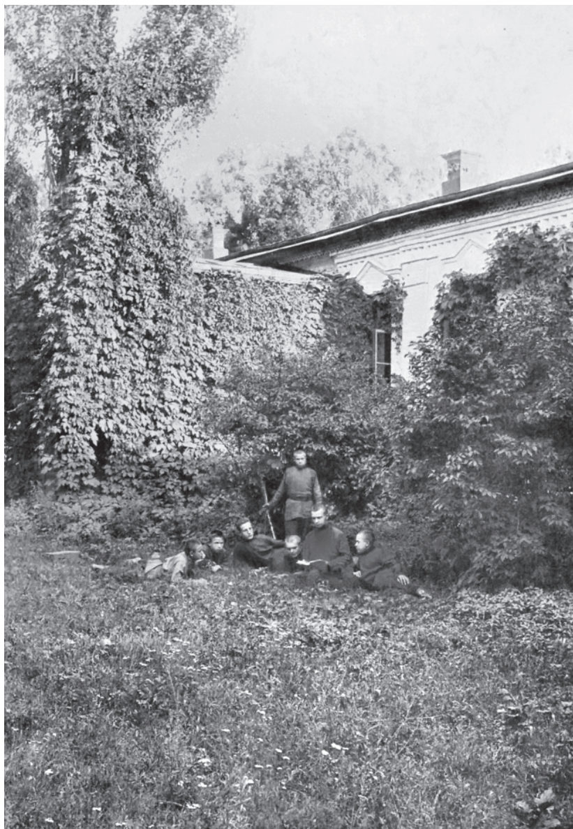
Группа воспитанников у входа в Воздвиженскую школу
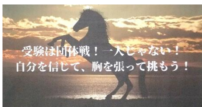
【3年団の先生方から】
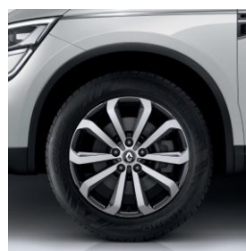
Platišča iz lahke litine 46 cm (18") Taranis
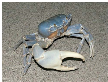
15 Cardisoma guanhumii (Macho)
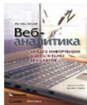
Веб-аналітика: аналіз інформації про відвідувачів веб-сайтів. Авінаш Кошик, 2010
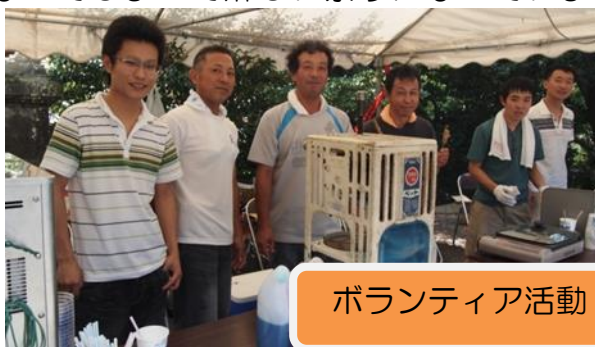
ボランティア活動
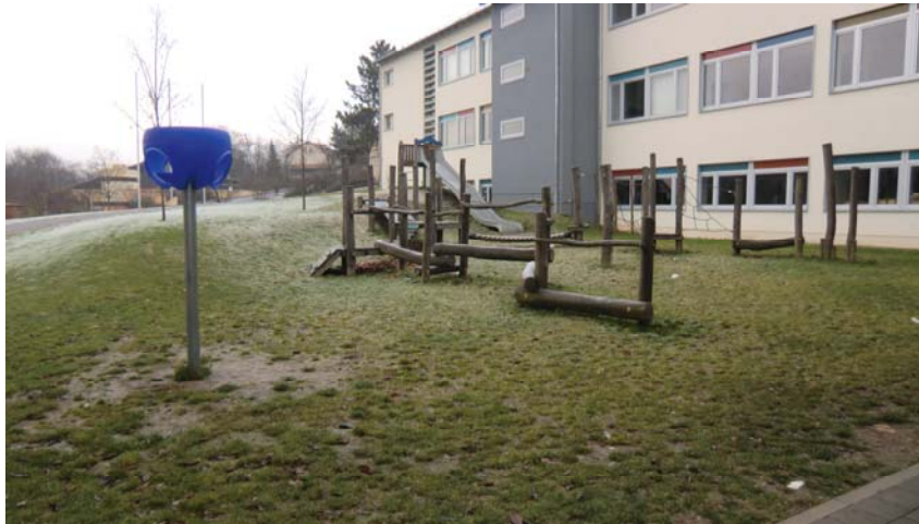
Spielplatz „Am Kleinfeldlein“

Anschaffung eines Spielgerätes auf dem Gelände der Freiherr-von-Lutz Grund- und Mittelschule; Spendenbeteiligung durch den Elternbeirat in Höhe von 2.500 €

________________________

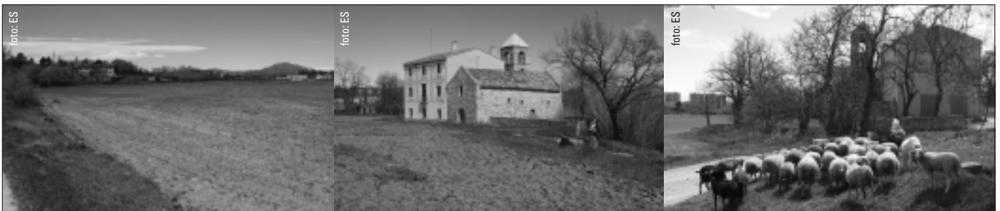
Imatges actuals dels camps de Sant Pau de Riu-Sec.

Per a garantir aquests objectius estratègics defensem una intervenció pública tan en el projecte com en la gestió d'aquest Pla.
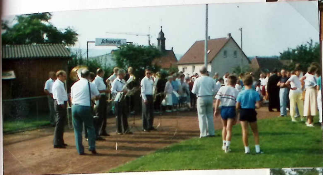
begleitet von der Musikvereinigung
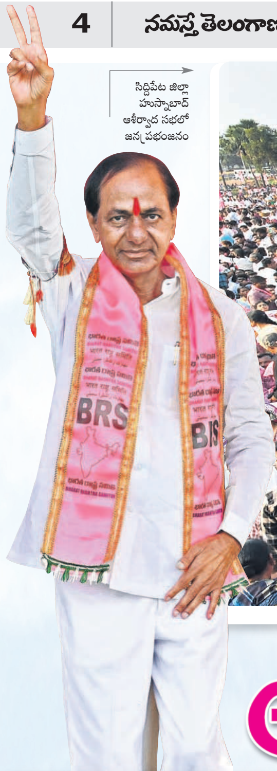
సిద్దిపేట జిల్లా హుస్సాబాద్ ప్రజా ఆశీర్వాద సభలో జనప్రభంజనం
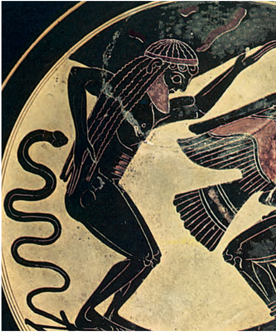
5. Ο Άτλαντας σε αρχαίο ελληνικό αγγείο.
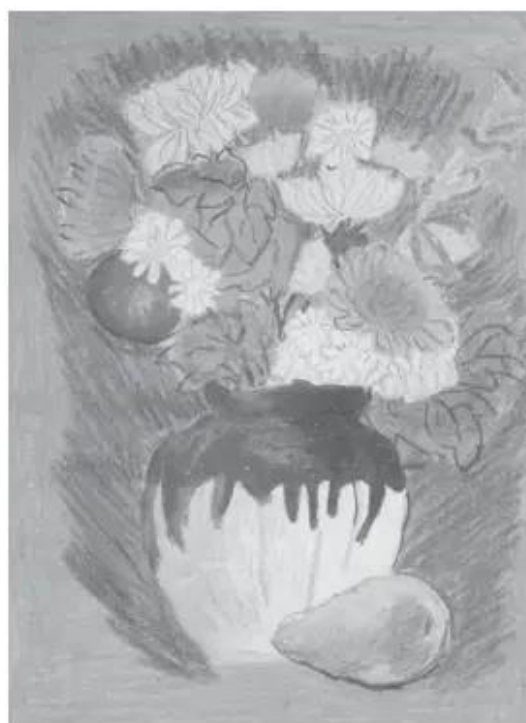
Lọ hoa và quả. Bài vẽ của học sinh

________________________

How to complete this task: Pictures in the entries do not go into the copy. Print only the lines starting at the one containing "Группа воспитанников у" and ending at the one containing "Anschaffung eines Spielgerätes", exactly as they appear.

Output of the task:
Группа воспитанников у входа в Воздвиженскую школу
【3年団の先生方から】
Platišča iz lahke litine 46 cm (18") Taranis
15 Cardisoma guanhumii (Macho)
Веб-аналітика: аналіз інформації про відвідувачів веб-сайтів. Авінаш Кошик, 2010
ボランティア活動
Spielplatz „Am Kleinfeldlein“

Anschaffung eines Spielgerätes auf dem Gelände der Freiherr-von-Lutz Grund- und Mittelschule; Spendenbeteiligung durch den Elternbeirat in Höhe von 2.500 €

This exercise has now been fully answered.